- **INPUT FOR THIS TASK**
+ + + + + + +

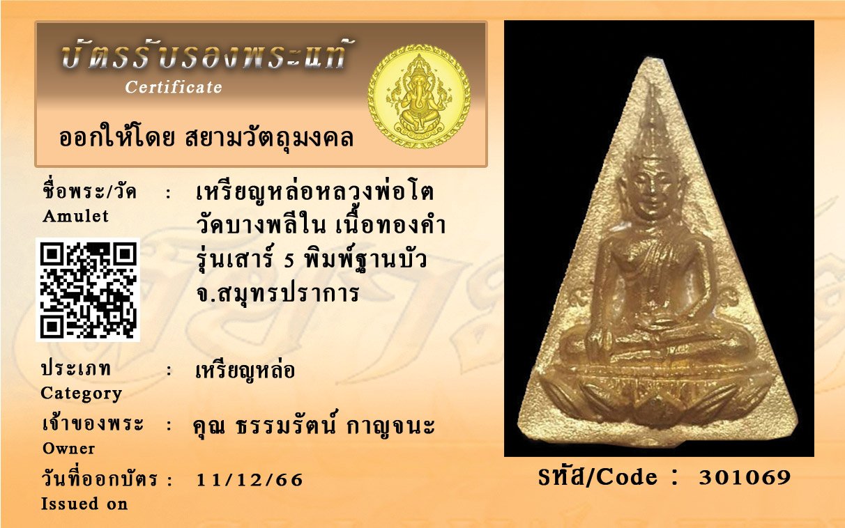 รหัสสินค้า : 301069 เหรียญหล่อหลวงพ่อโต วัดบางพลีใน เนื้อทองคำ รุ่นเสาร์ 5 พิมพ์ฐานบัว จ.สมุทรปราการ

+ + + + + + +

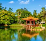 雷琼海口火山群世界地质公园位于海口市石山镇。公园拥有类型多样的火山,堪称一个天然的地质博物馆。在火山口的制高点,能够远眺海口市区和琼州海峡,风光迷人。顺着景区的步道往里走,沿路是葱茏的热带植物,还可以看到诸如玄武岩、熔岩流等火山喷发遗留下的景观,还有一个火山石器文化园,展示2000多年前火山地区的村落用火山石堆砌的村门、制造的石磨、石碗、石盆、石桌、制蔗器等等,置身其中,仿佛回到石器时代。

+ + + + + + +

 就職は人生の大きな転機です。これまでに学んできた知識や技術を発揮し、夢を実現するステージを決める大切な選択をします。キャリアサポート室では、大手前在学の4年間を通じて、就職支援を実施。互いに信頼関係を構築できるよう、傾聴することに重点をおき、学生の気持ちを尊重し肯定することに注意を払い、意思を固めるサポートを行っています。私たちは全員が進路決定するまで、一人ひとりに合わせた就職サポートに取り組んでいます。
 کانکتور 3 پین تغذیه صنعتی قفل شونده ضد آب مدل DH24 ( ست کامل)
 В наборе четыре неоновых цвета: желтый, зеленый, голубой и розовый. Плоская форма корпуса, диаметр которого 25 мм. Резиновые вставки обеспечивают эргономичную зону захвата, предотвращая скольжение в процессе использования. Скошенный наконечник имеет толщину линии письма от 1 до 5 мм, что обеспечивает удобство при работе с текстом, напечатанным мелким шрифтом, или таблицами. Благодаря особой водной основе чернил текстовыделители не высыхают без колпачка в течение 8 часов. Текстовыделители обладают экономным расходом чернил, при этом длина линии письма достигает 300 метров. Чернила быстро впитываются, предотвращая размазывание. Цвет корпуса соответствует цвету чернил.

+ + + + + + +

- **PROBLEM DESCRIPTION**
From the line containing "就職は人生の大きな転機です。" down to the line containing "В наборе четыре" in the material above, reproduce every line exactly, including the two end lines.

- **RESPONSE AREA**
 就職は人生の大きな転機です。これまでに学んできた知識や技術を発揮し、夢を実現するステージを決める大切な選択をします。キャリアサポート室では、大手前在学の4年間を通じて、就職支援を実施。互いに信頼関係を構築できるよう、傾聴することに重点をおき、学生の気持ちを尊重し肯定することに注意を払い、意思を固めるサポートを行っています。私たちは全員が進路決定するまで、一人ひとりに合わせた就職サポートに取り組んでいます。
 کانکتور 3 پین تغذیه صنعتی قفل شونده ضد آب مدل DH24 ( ست کامل)
 В наборе четыре неоновых цвета: желтый, зеленый, голубой и розовый. Плоская форма корпуса, диаметр которого 25 мм. Резиновые вставки обеспечивают эргономичную зону захвата, предотвращая скольжение в процессе использования. Скошенный наконечник имеет толщину линии письма от 1 до 5 мм, что обеспечивает удобство при работе с текстом, напечатанным мелким шрифтом, или таблицами. Благодаря особой водной основе чернил текстовыделители не высыхают без колпачка в течение 8 часов. Текстовыделители обладают экономным расходом чернил, при этом длина линии письма достигает 300 метров. Чернила быстро впитываются, предотвращая размазывание. Цвет корпуса соответствует цвету чернил.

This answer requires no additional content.